Stored entries

▬▬▬▬▬▬

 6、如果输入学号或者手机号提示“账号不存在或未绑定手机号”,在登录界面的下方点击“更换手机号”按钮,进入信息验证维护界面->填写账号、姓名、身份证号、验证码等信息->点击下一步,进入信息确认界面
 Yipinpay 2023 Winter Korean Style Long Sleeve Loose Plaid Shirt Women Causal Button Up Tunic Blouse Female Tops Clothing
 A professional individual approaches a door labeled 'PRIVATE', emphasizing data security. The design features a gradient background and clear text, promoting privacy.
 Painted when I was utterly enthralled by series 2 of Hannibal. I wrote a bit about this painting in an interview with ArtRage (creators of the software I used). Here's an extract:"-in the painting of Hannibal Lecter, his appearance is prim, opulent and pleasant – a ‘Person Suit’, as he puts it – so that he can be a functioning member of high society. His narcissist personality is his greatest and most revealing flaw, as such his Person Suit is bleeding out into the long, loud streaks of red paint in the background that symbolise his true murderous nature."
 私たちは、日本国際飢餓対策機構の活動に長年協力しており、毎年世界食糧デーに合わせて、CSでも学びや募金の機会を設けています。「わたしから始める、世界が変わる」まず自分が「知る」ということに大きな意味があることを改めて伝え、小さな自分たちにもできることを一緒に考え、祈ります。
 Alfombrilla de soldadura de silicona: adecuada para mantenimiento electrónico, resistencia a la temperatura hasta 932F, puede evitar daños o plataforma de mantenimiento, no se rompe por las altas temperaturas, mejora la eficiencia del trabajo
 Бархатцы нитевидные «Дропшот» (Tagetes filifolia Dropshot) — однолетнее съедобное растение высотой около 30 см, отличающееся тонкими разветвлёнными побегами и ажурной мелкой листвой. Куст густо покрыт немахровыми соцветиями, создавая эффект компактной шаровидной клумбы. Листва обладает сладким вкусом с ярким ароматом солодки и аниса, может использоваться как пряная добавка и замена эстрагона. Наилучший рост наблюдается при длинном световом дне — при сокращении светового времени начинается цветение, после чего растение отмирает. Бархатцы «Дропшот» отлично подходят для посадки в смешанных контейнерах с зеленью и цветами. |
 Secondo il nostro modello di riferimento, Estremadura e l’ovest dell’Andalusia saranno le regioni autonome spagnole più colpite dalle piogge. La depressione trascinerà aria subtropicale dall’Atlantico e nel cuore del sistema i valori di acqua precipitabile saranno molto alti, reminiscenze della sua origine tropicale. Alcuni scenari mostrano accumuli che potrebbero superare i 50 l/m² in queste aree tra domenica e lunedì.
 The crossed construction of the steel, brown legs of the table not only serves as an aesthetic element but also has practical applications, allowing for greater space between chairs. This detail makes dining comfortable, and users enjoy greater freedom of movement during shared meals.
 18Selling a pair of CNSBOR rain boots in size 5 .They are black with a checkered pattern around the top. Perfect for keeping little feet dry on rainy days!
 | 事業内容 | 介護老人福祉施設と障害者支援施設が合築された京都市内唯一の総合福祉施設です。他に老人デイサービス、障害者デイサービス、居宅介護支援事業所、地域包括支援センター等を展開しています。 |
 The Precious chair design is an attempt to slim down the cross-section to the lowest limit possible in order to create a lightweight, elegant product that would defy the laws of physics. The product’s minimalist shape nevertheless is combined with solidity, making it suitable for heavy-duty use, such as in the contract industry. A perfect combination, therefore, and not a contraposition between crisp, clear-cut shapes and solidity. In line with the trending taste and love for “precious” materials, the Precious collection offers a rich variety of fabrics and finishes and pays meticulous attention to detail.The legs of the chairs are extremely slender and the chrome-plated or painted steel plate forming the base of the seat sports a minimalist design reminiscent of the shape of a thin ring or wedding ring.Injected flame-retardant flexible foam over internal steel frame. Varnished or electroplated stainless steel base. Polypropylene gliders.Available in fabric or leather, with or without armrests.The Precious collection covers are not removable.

▬▬▬▬▬▬

(TASK DESCRIPTION): Copy out every line of the data that includes "background".

(EXERCISE OUTPUT):
 A professional individual approaches a door labeled 'PRIVATE', emphasizing data security. The design features a gradient background and clear text, promoting privacy.
 Painted when I was utterly enthralled by series 2 of Hannibal. I wrote a bit about this painting in an interview with ArtRage (creators of the software I used). Here's an extract:"-in the painting of Hannibal Lecter, his appearance is prim, opulent and pleasant – a ‘Person Suit’, as he puts it – so that he can be a functioning member of high society. His narcissist personality is his greatest and most revealing flaw, as such his Person Suit is bleeding out into the long, loud streaks of red paint in the background that symbolise his true murderous nature."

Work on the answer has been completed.